Eyes tell the tale of false linguistic memories

Krist Schubilske (left) and research partner Jasen Sonnen stand in front of their poster at the UWM Undergraduate Research Symposium in April. They assisted Linguistics professor Anne Pycha in researching false linguistic memories and pupil dilation. Photo courtesy of Krist Schubilske.

Krist Schubilske found her Linguistic research to be eye-opening. Literally.

Schubilske spent her senior year at UWM as a research assistant for Linguistics professor Anne Pycha. Dr. Pycha is looking into false memories and our physiological responses. Specifically, if we think we heard a word but we really didn’t, do our eyes tell the tale?

At the basis of this question is a phenomenon known as false linguistic memory – when we remember hearing a word that wasn’t actually spoken. For example, think of the word “cat”, and then make a list of about 15 words that sound similar – cap, bat, at, cab, etc.

“The idea is that if you play someone that list but not the word it’s related to, people remember about 80 percent of the time that they’ve heard the word ‘cat’, even though they didn’t hear it,” Schubilske said.

That’s because similar-sounding words are stored in the same “file drawer” of the brain.

“During speech perception, our brain is activating a bunch of different words at the same time,” Schubilske said. “When you hear a word, your brain is also accessing the words that sound like it and have definitions that are close to it.
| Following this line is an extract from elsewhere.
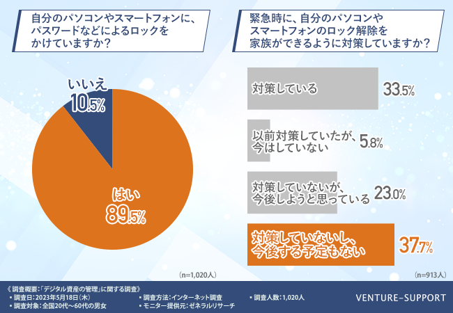スマホやパソコンにパスワードなどのロックをかけている人は約9割。緊急時に備えた対策状況として「現時点で対策していない」割合は6割以上という結果に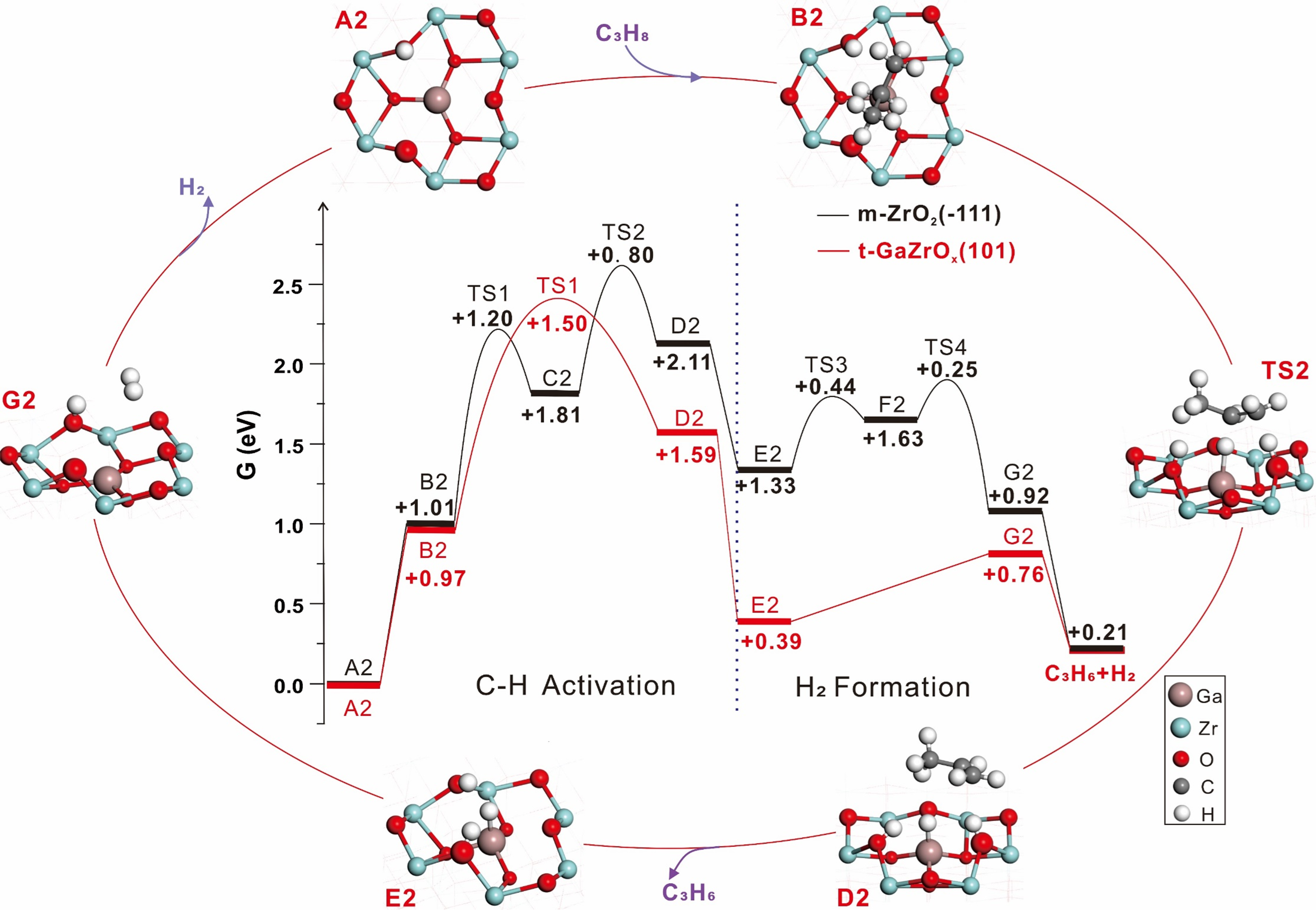 图3 m-ZrO2(-111)与t-GaZrOx(101)在PDH反应中的能垒和过渡态结构

With a word like cat, you’d also be accessing words that are in semantic associations, like ‘kitten’ or ‘meow.’”

Studies surrounding false linguistic memories have been done before, but Pycha took the research a step further. Using a machine called an EyeLink 1000 that tracks eye movement, she and her research assistants, Schubilske and another student named Jasen Sonnen, took a careful look at their subjects’ pupils as they listened to the lists of words designed to elicit false linguistic memories. The researchers would play a list of about 15 or so words related to a “critical item” – like the word cat – and then ask their research subjects if they remembered hearing the critical item, though the word had never been played.

Pycha and her assistant were looking at the Old/New Effect. If you hear a word that you’ve recently heard before, your pupil will dilate slightly more than if you were to listen to a new word. They wanted to determine if there was a difference in pupil dilation between real linguistic memories versus fake linguistic memories – old words and new words.

“What we did find is that the pupil actually does dilate slightly bigger for words that you’re having a false memory for,” Schubilske said. “That was really exciting to find because in all the false memory studies that have been done in the past, … there wasn’t the capacity to capture the difference between any sort of response for the real memories and the false memories.”

Pupils dilate due to all sorts of reasons, from light exposure to what researchers term “cognitive load” – some experiments revealed that subjects’ pupils dilated more when viewing a long string of written numbers versus a shorter string.

Only recently have scientists discovered the Old/New Effect.

“To my mind, this deepens the mystery, because, unlike remembering a long string of numbers, hearing an old word should not be a task that requires a lot of cognitive load. Given this, I’d venture say that there is not even any agreement on what cognitive factors cause the pupil to dilate,” Pycha said.

In the future, Schubilske envisions that this research will not only help us understand how our brains decode language, but it might also open a new avenue for exploring diseases like Alzheimer’s and dementia.

Schubilske and Sonnen presented their research at the UWM Undergraduate Research Symposium in April this year. For Schubilske, it was the culmination of one of the defining elements of her undergraduate career.

“I am privileged to go to a top-tier research university,” she said. “It was by far the best experience of my undergrad career to do some hands-on work and apply theory in actual research settings, and get to practice with other people.”